Simile

Intelligent offline-first semantic search for modern applications

Overview

Simile is a high-performance search engine that combines semantic understanding, fuzzy matching, and keyword search to deliver highly relevant results—entirely offline. Built with Transformers.js, it requires no API calls, runs completely locally, and scales to handle large datasets efficiently.

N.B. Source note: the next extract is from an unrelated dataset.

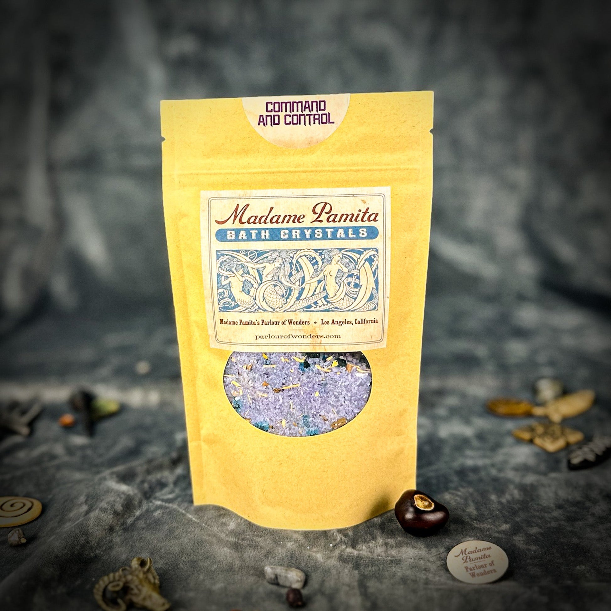 Madame Pamita’s Command and Control Bath Crystals are crafted with the finest natural ingredients, inspired by the traditions of rootworkers and spiritual practitioners. Each blend includes all-natural sea salt, Epsom salts, organic or wildharvested herbs and botanicals, and organic essential oils, carefully formulated to support your intentions.
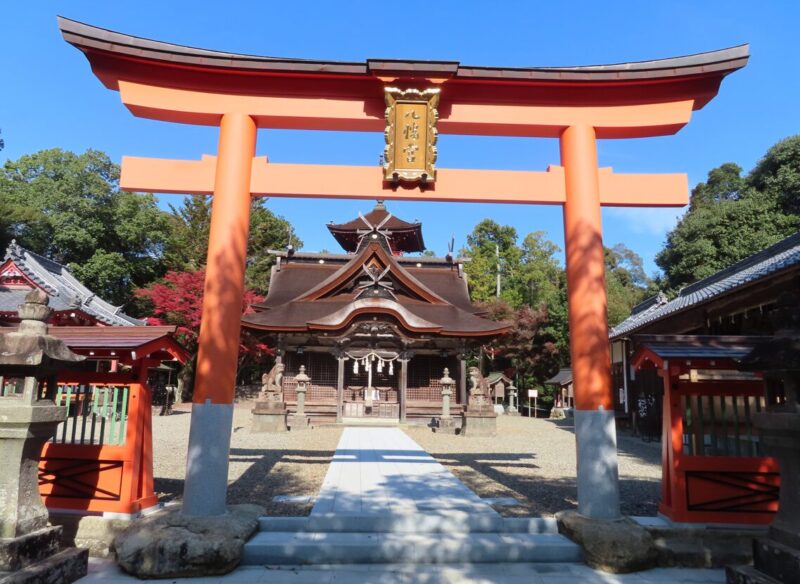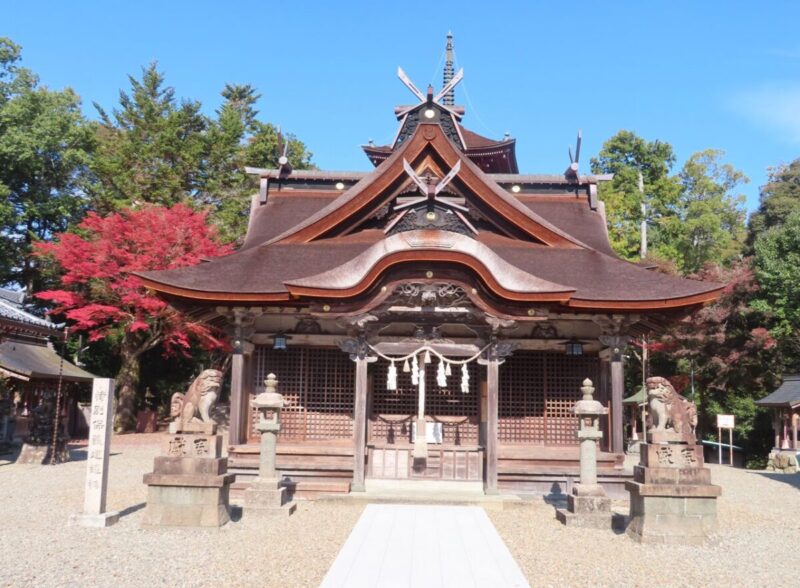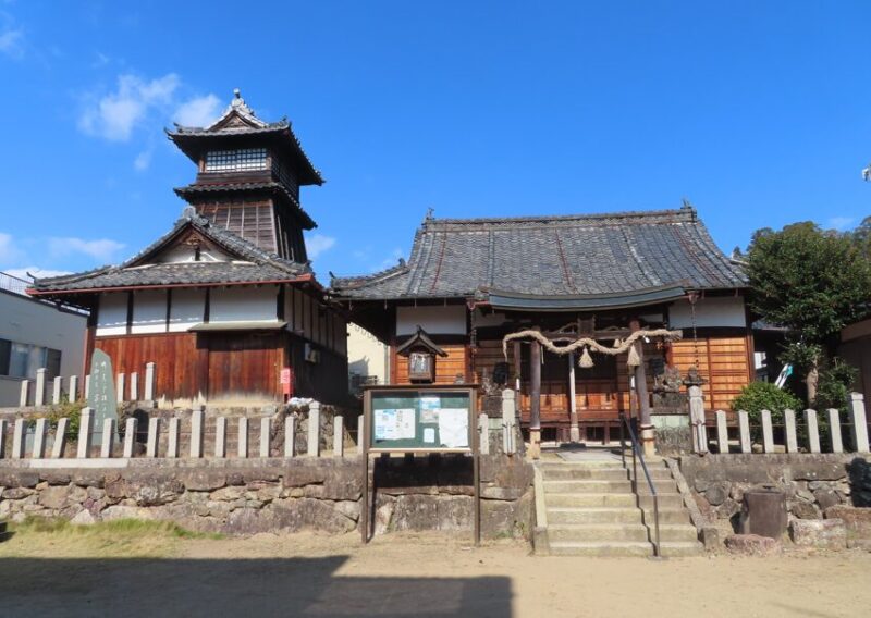 この神社の魅力は何と言っても素晴らしい三重塔(県指定文化財)。ここでは神社の象徴的建造物である鳥居や本殿の背後に、仏教の象徴的建造物である三重塔が聳えるという、珍しい光景を見ることが出来る。また、塔の前にある鐘楼の鐘は、前述した通り、もとは高山寺にあったもので兵庫県指定重要文化財である。

Perfect for product catalogs, content libraries, user directories, and any application requiring intelligent search without external dependencies.

Key Features

🧠 Semantic Understanding — Finds conceptually similar items, not just keyword matches ("phone charger" → "USB-C cable")
🔤 Typo Tolerance — Fuzzy matching handles misspellings and partial queries gracefully
⚡ Lightning Fast — O(log n) search with HNSW indexing for datasets of 10k+ items
💾 Memory Efficient — Quantization support (float16/int8) reduces memory usage by up to 75%
🔄 Non-blocking Updates — Asynchronous indexing keeps your application responsive
📦 Zero Dependencies on APIs — Runs entirely locally with Transformers.js
🔗 Deep Object Search — Query nested fields with dot notation (author.firstName)
💾 Persistent Storage — Save and load embeddings to avoid recomputation
🎯 Highly Configurable — Tune scoring weights, thresholds, and search behavior

Installation

npm install simile-search

Quick Start

import { Simile } from 'simile-search';

// Initialize search engine
const engine = await Simile.from([
  { id: '1', text: 'Bathroom floor cleaner', metadata: { category: 'Cleaning' } },
  { id: '2', text: 'Dishwashing liquid', metadata: { category: 'Kitchen' } },
  { id: '3', text: 'iPhone Charger', metadata: { category: 'Electronics' } },
  { id: '4', text: 'USB-C phone charger cable', metadata: { category: 'Electronics' } },
]);

// Search with natural language
const results = await engine.search('phone charger');
console.log(results);
// [
//   { id: '3', text: 'iPhone Charger', score: 0.92, ... },
//   { id: '4', text: 'USB-C phone charger cable', score: 0.87, ... }
// ]

Core Concepts

Persistence

Avoid re-embedding on every startup by saving your index:

import { Simile } from 'simile-search';
import * as fs from 'fs';

// Initial setup: embed and save
const engine = await Simile.from(items);
fs.writeFileSync('search-index.json', engine.toJSON());

// Subsequent loads: instant startup
const json = fs.readFileSync('search-index.json', 'utf-8');
const loadedEngine = Simile.loadFromJSON(json);

// Functionally identical to the original
const results = await loadedEngine.search('query');

Snapshot Format for database storage:

const snapshot = engine.save();
// {
//   version: '0.2.0',
//   model: 'Xenova/all-MiniLM-L6-v2',
//   items: [...],
//   vectors: ['base64...'],
//   createdAt: '2024-12-28T...',
//   textPaths: [...]
// }

const restored = Simile.load(snapshot);

Nested Object Search

Search complex data structures by specifying extraction paths:

const books = [
  {
    id: '1',
    metadata: {
      author: { firstName: 'John', lastName: 'Doe' },
      title: 'The Art of Programming',
      tags: ['coding', 'javascript'],
    },
  },
];

const engine = await Simile.from(books, {
  textPaths: [
    'metadata.author.firstName',
    'metadata.author.lastName',
    'metadata.title',
    'metadata.tags',  // Arrays are automatically joined
  ],
});

// Search across all configured paths
const results = await engine.search('John programming');

Supported path formats:

Nested objects: metadata.author.firstName
Array indexing: items[0].name
Array joining: metadata.tags (joins all elements)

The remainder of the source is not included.